____ Data in this exercise

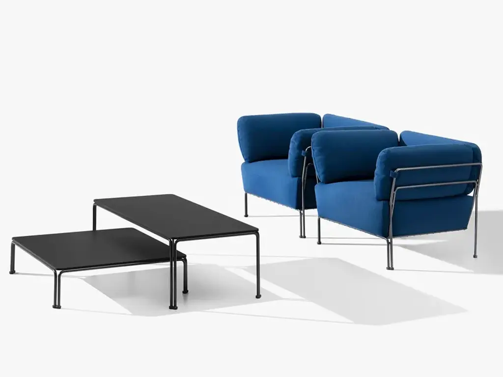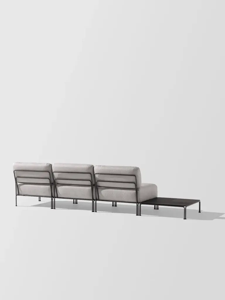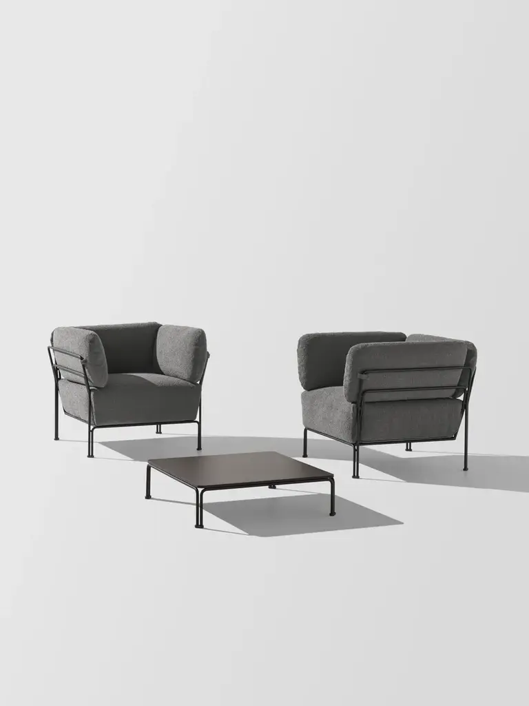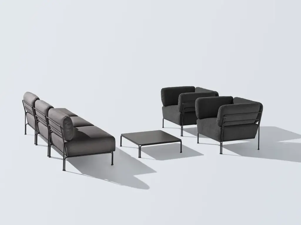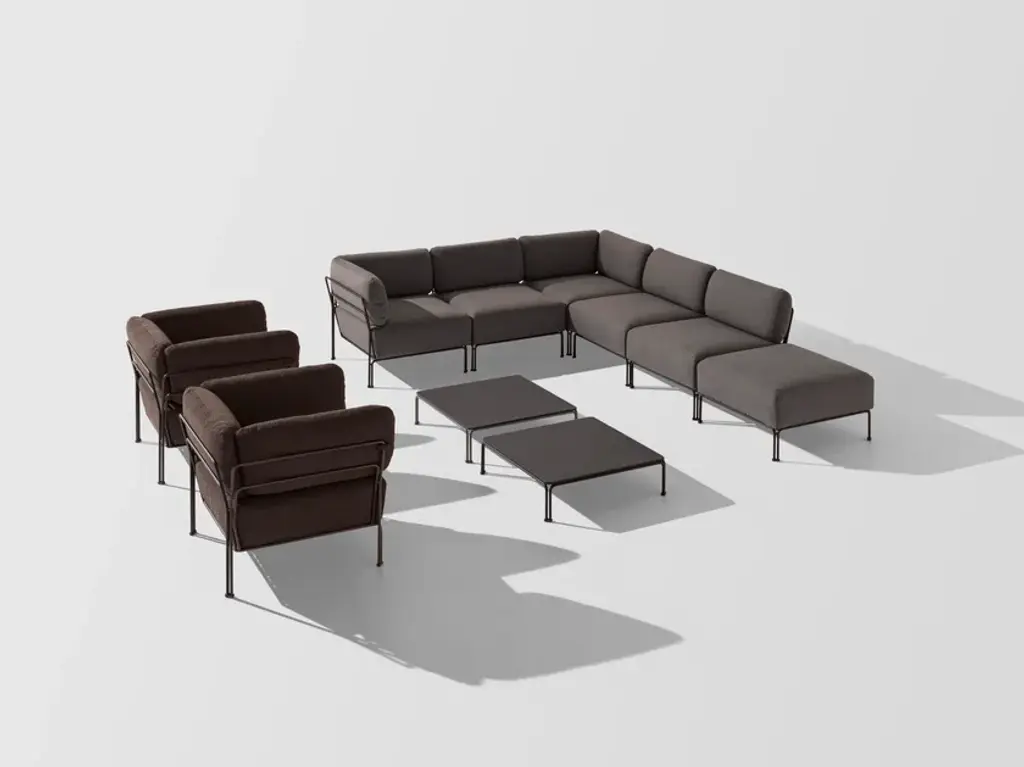 Ari is a coffee table h19, top 70x70.Timeless elegance in the Ari outdoor seating range, designed by the French designer Philippe Nigro. Inspired by natural beauty, the seats are born from a modular system that allows to create various types of compositions in a perfect balance of sobriety and comfort. Equipped with large, comfortable cushions, Ari is an ode to relax and well-being in the open air. Multiple seating system with steel rod frame. Upholstered seats, backrests and armrests. Available in indoor and outdoor versions.
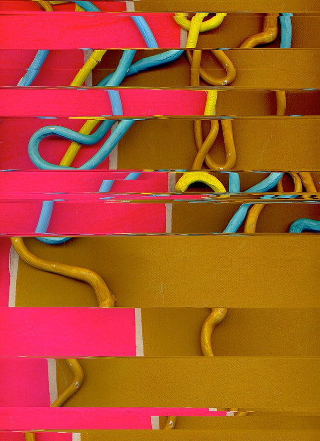 Liz Trosper (American, b. 1983), toothy zip (neon:ochre), 2019. UV inkjet print on canvas.
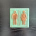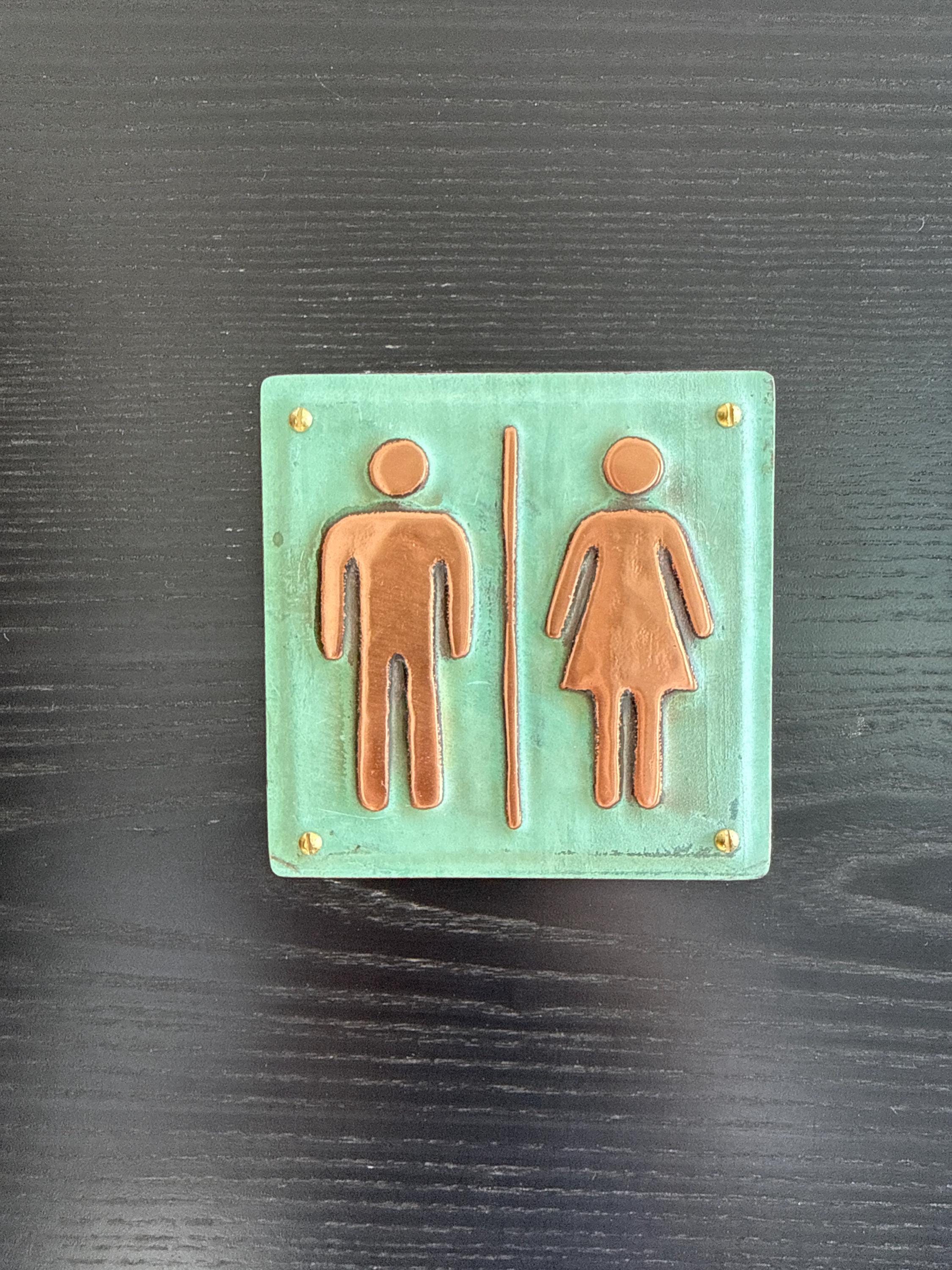Unisex washroom plaque in patinated copper
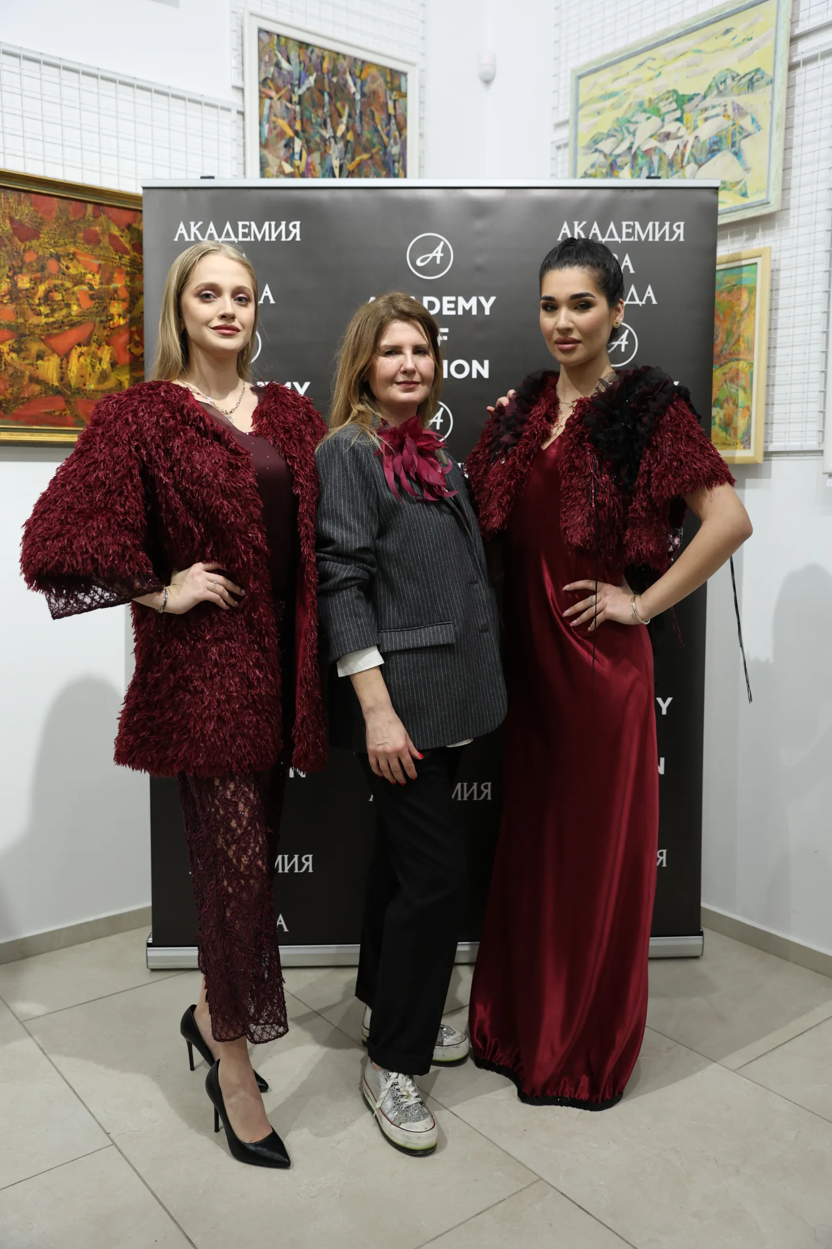 Гери Камеран заедно с Виктория Югова и Марина Цветанова в нейни тоалети и бижута. Фото: Академия за мода / Петър Станев
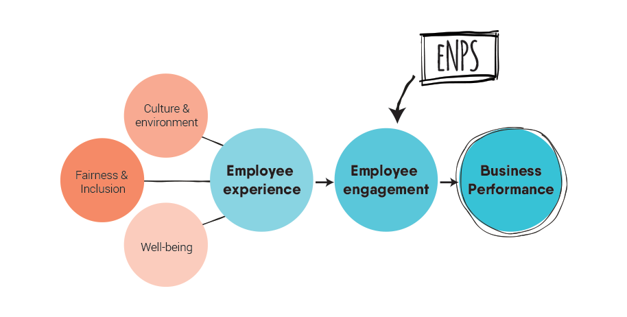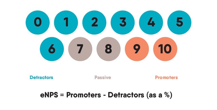 eNPS asks ‘How likely is it that you would recommend this company as a place to work?’ and uses the same scoring system as NPS. In some cases, eNPS also asks how likely they are to recommend a company’s products or services (as in NPS) although that’s not a universal practice.
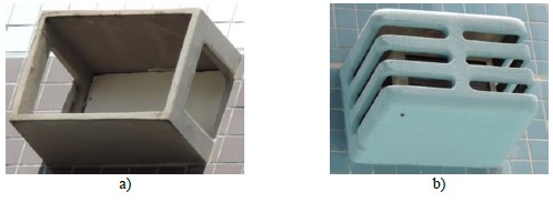 | Figura 3. Suporte de concreto armado, tipo janela: a) modelo aberto; b) modelo fechado | ||||
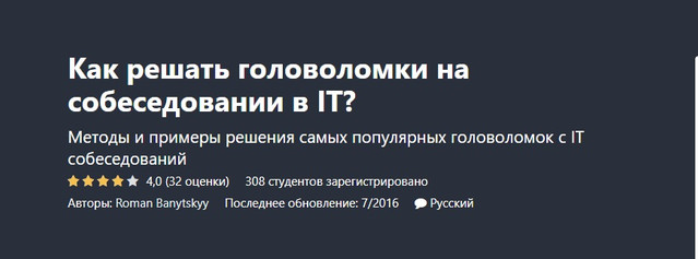 Этот курс создан для тех, кто будет проходить собеседование в IT-компанию, но он также будет полезным всем, кто интересуется логическими задачами и головоломками. В курсе рассматриваются самые популярные типы головоломок и наводятся методы их решений.
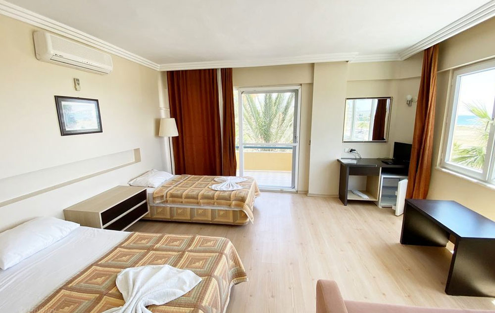 Sobe: standardne sobe dvokrevetne za maksimalno četiri osobe, opremljene sa dva standardna ležaja ili francuskim ležajem i jednim ili dva pomoćna ležaja od kojih jedan može biti i sofa na razvlačenje. Sobe poseduju kupatilo (Tus WC), fen za kosu, klima uredjaj, mini-bar (upotreba uz doplatu), SAT TV, balkon. Sve sobe su sa delimičnim ili direktnim pogledom na more.
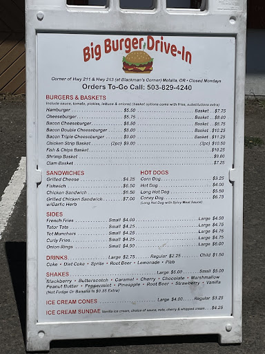 Family owned and operated Big Burger is a staple of Molalla, it has been around for decades and provides their unique hamburgers which are reminisce of 50's diners. The bacon cheeseburger is a winner, along with shakes and soft serve ice cream. They are located on the NW corner of highways 213 and 211, and they have a drive thru with entrance on the NW side of hwy. 211 next to a house behind Big Burger. Just a heads up- you will exit with only the option of turning right onto Hwy. 213 (south bound) but there is a safeway shopping center with entrances and exits on the east side of 211 and NE side of 213 so there are ways of getting back on the road northbound if the other 3 options don't work for you. There is a small dining area inside with a few tables, or you could dine outside with a couple of picnic tables under their covered patio. Parking is limited and the drive thru is a little slower than corporate fast food establishments, however this hole in the wall burger joint is popular because of the food, not the amenities. One of our favorite stops when driving thru Molalla, highly...
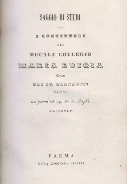 Saggio di studi che i convittori del ducale collegio Maria Luigia diretto dai PP. Barnabiti danno nei giorni 28, 29, 30, 31 luglio 1845

________

**Required action:**
Leaving out the pictures, print each line of the records above from the first up to and including the one that contains "fechado | ||||", exactly as written.

**Output of the task:**
 Ari is a coffee table h19, top 70x70.Timeless elegance in the Ari outdoor seating range, designed by the French designer Philippe Nigro. Inspired by natural beauty, the seats are born from a modular system that allows to create various types of compositions in a perfect balance of sobriety and comfort. Equipped with large, comfortable cushions, Ari is an ode to relax and well-being in the open air. Multiple seating system with steel rod frame. Upholstered seats, backrests and armrests. Available in indoor and outdoor versions.
 Liz Trosper (American, b. 1983), toothy zip (neon:ochre), 2019. UV inkjet print on canvas.
Unisex washroom plaque in patinated copper
 Гери Камеран заедно с Виктория Югова и Марина Цветанова в нейни тоалети и бижута. Фото: Академия за мода / Петър Станев
 eNPS asks ‘How likely is it that you would recommend this company as a place to work?’ and uses the same scoring system as NPS. In some cases, eNPS also asks how likely they are to recommend a company’s products or services (as in NPS) although that’s not a universal practice.
 | Figura 3. Suporte de concreto armado, tipo janela: a) modelo aberto; b) modelo fechado | ||||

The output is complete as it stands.